» **REQUIRED WORK**: Leave out the images and repeat the listing below without a single change.

» **SOURCE MATERIAL**:
########
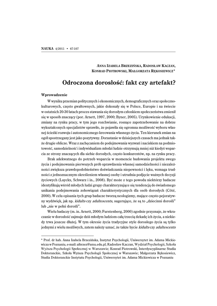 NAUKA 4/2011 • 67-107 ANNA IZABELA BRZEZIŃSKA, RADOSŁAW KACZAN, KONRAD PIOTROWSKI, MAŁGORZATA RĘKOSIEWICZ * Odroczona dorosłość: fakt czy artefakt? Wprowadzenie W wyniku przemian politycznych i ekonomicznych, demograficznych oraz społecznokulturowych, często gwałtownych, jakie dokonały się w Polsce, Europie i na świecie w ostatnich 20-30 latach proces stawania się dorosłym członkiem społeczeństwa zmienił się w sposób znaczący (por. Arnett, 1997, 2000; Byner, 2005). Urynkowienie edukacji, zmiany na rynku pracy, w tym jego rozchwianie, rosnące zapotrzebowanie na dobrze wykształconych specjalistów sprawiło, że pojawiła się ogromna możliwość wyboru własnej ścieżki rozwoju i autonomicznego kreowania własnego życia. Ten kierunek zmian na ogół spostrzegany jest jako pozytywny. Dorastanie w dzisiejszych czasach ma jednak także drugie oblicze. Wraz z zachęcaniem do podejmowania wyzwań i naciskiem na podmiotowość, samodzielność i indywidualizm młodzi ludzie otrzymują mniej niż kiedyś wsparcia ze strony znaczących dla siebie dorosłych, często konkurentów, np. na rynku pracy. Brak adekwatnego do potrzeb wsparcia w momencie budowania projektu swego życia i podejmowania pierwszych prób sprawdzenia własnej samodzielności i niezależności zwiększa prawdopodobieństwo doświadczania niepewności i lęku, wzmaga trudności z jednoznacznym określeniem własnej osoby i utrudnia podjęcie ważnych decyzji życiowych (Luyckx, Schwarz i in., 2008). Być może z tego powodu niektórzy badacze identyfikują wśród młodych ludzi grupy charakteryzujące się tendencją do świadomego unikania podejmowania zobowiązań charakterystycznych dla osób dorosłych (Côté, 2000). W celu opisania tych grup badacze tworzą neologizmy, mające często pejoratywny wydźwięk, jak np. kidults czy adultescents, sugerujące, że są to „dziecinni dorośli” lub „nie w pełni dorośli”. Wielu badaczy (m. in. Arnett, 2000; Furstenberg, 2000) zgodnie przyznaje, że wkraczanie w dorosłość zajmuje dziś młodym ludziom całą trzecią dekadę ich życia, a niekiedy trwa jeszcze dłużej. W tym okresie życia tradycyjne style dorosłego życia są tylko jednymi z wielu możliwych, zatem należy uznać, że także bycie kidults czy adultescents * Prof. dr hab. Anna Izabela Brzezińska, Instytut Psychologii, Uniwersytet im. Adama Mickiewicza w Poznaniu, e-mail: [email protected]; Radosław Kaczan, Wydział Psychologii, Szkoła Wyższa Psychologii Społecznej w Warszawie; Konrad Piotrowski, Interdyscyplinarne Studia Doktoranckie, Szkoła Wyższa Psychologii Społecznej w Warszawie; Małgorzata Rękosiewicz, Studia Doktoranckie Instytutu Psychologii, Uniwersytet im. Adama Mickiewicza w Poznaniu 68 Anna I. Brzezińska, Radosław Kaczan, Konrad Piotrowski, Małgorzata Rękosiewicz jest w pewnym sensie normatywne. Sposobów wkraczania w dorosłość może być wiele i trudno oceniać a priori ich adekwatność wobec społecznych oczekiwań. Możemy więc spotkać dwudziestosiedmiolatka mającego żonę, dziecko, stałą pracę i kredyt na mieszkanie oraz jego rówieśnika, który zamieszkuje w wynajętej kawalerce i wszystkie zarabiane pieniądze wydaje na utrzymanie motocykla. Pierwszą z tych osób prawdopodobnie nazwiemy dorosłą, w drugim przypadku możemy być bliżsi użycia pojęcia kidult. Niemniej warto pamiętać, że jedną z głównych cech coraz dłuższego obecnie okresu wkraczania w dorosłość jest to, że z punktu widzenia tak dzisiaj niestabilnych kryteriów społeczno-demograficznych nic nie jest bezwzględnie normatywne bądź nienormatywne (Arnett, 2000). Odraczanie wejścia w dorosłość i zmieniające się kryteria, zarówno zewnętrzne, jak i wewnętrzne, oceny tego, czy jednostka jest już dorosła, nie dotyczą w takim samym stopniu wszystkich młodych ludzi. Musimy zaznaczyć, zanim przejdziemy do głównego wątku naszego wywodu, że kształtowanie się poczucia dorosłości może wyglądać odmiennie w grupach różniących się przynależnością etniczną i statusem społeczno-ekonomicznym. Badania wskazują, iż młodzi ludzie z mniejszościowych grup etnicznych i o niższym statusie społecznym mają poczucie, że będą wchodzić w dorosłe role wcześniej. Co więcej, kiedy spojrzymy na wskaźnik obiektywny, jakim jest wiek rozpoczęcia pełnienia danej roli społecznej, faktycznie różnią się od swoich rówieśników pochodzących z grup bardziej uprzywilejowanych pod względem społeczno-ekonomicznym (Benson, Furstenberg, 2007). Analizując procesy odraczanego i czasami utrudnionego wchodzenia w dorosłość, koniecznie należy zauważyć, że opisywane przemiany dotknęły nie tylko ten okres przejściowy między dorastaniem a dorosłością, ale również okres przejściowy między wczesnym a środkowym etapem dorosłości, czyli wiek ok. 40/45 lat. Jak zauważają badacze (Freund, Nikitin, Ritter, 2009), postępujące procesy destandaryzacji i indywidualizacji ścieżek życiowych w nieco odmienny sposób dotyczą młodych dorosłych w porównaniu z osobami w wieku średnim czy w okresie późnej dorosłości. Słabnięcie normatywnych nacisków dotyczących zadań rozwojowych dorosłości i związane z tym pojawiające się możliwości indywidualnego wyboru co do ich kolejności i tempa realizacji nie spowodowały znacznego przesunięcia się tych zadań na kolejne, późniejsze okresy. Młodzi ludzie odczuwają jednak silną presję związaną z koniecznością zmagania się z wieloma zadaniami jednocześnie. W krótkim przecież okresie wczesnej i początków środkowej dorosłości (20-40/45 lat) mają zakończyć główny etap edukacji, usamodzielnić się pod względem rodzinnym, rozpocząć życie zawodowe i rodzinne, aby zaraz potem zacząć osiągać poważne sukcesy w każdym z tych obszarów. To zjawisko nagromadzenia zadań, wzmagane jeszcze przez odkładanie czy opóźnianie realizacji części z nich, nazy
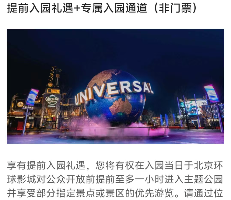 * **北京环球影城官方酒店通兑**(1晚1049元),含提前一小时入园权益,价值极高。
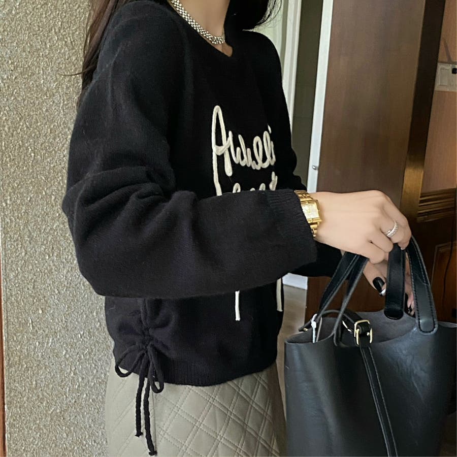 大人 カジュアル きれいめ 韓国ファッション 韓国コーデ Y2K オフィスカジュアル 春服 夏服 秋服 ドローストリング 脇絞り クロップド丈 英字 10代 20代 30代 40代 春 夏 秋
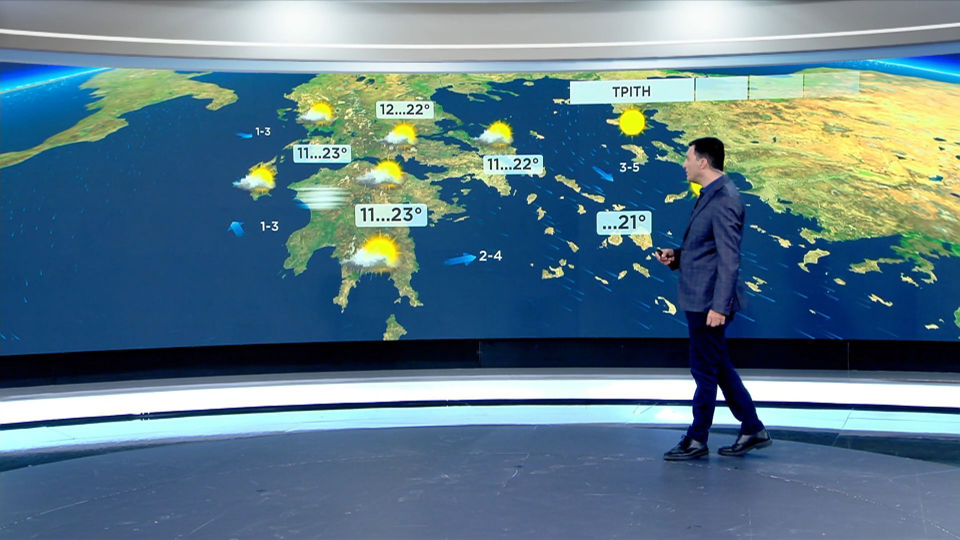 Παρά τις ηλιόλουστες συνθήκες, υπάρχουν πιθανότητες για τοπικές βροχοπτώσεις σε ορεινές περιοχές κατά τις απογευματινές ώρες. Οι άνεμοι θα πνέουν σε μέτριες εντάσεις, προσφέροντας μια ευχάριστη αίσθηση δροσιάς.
########
» **RESPONSE AREA**:
 NAUKA 4/2011 • 67-107 ANNA IZABELA BRZEZIŃSKA, RADOSŁAW KACZAN, KONRAD PIOTROWSKI, MAŁGORZATA RĘKOSIEWICZ * Odroczona dorosłość: fakt czy artefakt? Wprowadzenie W wyniku przemian politycznych i ekonomicznych, demograficznych oraz społecznokulturowych, często gwałtownych, jakie dokonały się w Polsce, Europie i na świecie w ostatnich 20-30 latach proces stawania się dorosłym członkiem społeczeństwa zmienił się w sposób znaczący (por. Arnett, 1997, 2000; Byner, 2005). Urynkowienie edukacji, zmiany na rynku pracy, w tym jego rozchwianie, rosnące zapotrzebowanie na dobrze wykształconych specjalistów sprawiło, że pojawiła się ogromna możliwość wyboru własnej ścieżki rozwoju i autonomicznego kreowania własnego życia. Ten kierunek zmian na ogół spostrzegany jest jako pozytywny. Dorastanie w dzisiejszych czasach ma jednak także drugie oblicze. Wraz z zachęcaniem do podejmowania wyzwań i naciskiem na podmiotowość, samodzielność i indywidualizm młodzi ludzie otrzymują mniej niż kiedyś wsparcia ze strony znaczących dla siebie dorosłych, często konkurentów, np. na rynku pracy. Brak adekwatnego do potrzeb wsparcia w momencie budowania projektu swego życia i podejmowania pierwszych prób sprawdzenia własnej samodzielności i niezależności zwiększa prawdopodobieństwo doświadczania niepewności i lęku, wzmaga trudności z jednoznacznym określeniem własnej osoby i utrudnia podjęcie ważnych decyzji życiowych (Luyckx, Schwarz i in., 2008). Być może z tego powodu niektórzy badacze identyfikują wśród młodych ludzi grupy charakteryzujące się tendencją do świadomego unikania podejmowania zobowiązań charakterystycznych dla osób dorosłych (Côté, 2000). W celu opisania tych grup badacze tworzą neologizmy, mające często pejoratywny wydźwięk, jak np. kidults czy adultescents, sugerujące, że są to „dziecinni dorośli” lub „nie w pełni dorośli”. Wielu badaczy (m. in. Arnett, 2000; Furstenberg, 2000) zgodnie przyznaje, że wkraczanie w dorosłość zajmuje dziś młodym ludziom całą trzecią dekadę ich życia, a niekiedy trwa jeszcze dłużej. W tym okresie życia tradycyjne style dorosłego życia są tylko jednymi z wielu możliwych, zatem należy uznać, że także bycie kidults czy adultescents * Prof. dr hab. Anna Izabela Brzezińska, Instytut Psychologii, Uniwersytet im. Adama Mickiewicza w Poznaniu, e-mail: [email protected]; Radosław Kaczan, Wydział Psychologii, Szkoła Wyższa Psychologii Społecznej w Warszawie; Konrad Piotrowski, Interdyscyplinarne Studia Doktoranckie, Szkoła Wyższa Psychologii Społecznej w Warszawie; Małgorzata Rękosiewicz, Studia Doktoranckie Instytutu Psychologii, Uniwersytet im. Adama Mickiewicza w Poznaniu 68 Anna I. Brzezińska, Radosław Kaczan, Konrad Piotrowski, Małgorzata Rękosiewicz jest w pewnym sensie normatywne. Sposobów wkraczania w dorosłość może być wiele i trudno oceniać a priori ich adekwatność wobec społecznych oczekiwań. Możemy więc spotkać dwudziestosiedmiolatka mającego żonę, dziecko, stałą pracę i kredyt na mieszkanie oraz jego rówieśnika, który zamieszkuje w wynajętej kawalerce i wszystkie zarabiane pieniądze wydaje na utrzymanie motocykla. Pierwszą z tych osób prawdopodobnie nazwiemy dorosłą, w drugim przypadku możemy być bliżsi użycia pojęcia kidult. Niemniej warto pamiętać, że jedną z głównych cech coraz dłuższego obecnie okresu wkraczania w dorosłość jest to, że z punktu widzenia tak dzisiaj niestabilnych kryteriów społeczno-demograficznych nic nie jest bezwzględnie normatywne bądź nienormatywne (Arnett, 2000). Odraczanie wejścia w dorosłość i zmieniające się kryteria, zarówno zewnętrzne, jak i wewnętrzne, oceny tego, czy jednostka jest już dorosła, nie dotyczą w takim samym stopniu wszystkich młodych ludzi. Musimy zaznaczyć, zanim przejdziemy do głównego wątku naszego wywodu, że kształtowanie się poczucia dorosłości może wyglądać odmiennie w grupach różniących się przynależnością etniczną i statusem społeczno-ekonomicznym. Badania wskazują, iż młodzi ludzie z mniejszościowych grup etnicznych i o niższym statusie społecznym mają poczucie, że będą wchodzić w dorosłe role wcześniej. Co więcej, kiedy spojrzymy na wskaźnik obiektywny, jakim jest wiek rozpoczęcia pełnienia danej roli społecznej, faktycznie różnią się od swoich rówieśników pochodzących z grup bardziej uprzywilejowanych pod względem społeczno-ekonomicznym (Benson, Furstenberg, 2007). Analizując procesy odraczanego i czasami utrudnionego wchodzenia w dorosłość, koniecznie należy zauważyć, że opisywane przemiany dotknęły nie tylko ten okres przejściowy między dorastaniem a dorosłością, ale również okres przejściowy między wczesnym a środkowym etapem dorosłości, czyli wiek ok. 40/45 lat. Jak zauważają badacze (Freund, Nikitin, Ritter, 2009), postępujące procesy destandaryzacji i indywidualizacji ścieżek życiowych w nieco odmienny sposób dotyczą młodych dorosłych w porównaniu z osobami w wieku średnim czy w okresie późnej dorosłości. Słabnięcie normatywnych nacisków dotyczących zadań rozwojowych dorosłości i związane z tym pojawiające się możliwości indywidualnego wyboru co do ich kolejności i tempa realizacji nie spowodowały znacznego przesunięcia się tych zadań na kolejne, późniejsze okresy. Młodzi ludzie odczuwają jednak silną presję związaną z koniecznością zmagania się z wieloma zadaniami jednocześnie. W krótkim przecież okresie wczesnej i początków środkowej dorosłości (20-40/45 lat) mają zakończyć główny etap edukacji, usamodzielnić się pod względem rodzinnym, rozpocząć życie zawodowe i rodzinne, aby zaraz potem zacząć osiągać poważne sukcesy w każdym z tych obszarów. To zjawisko nagromadzenia zadań, wzmagane jeszcze przez odkładanie czy opóźnianie realizacji części z nich, nazy
 * **北京环球影城官方酒店通兑**(1晚1049元),含提前一小时入园权益,价值极高。
 大人 カジュアル きれいめ 韓国ファッション 韓国コーデ Y2K オフィスカジュアル 春服 夏服 秋服 ドローストリング 脇絞り クロップド丈 英字 10代 20代 30代 40代 春 夏 秋
 Παρά τις ηλιόλουστες συνθήκες, υπάρχουν πιθανότητες για τοπικές βροχοπτώσεις σε ορεινές περιοχές κατά τις απογευματινές ώρες. Οι άνεμοι θα πνέουν σε μέτριες εντάσεις, προσφέροντας μια ευχάριστη αίσθηση δροσιάς.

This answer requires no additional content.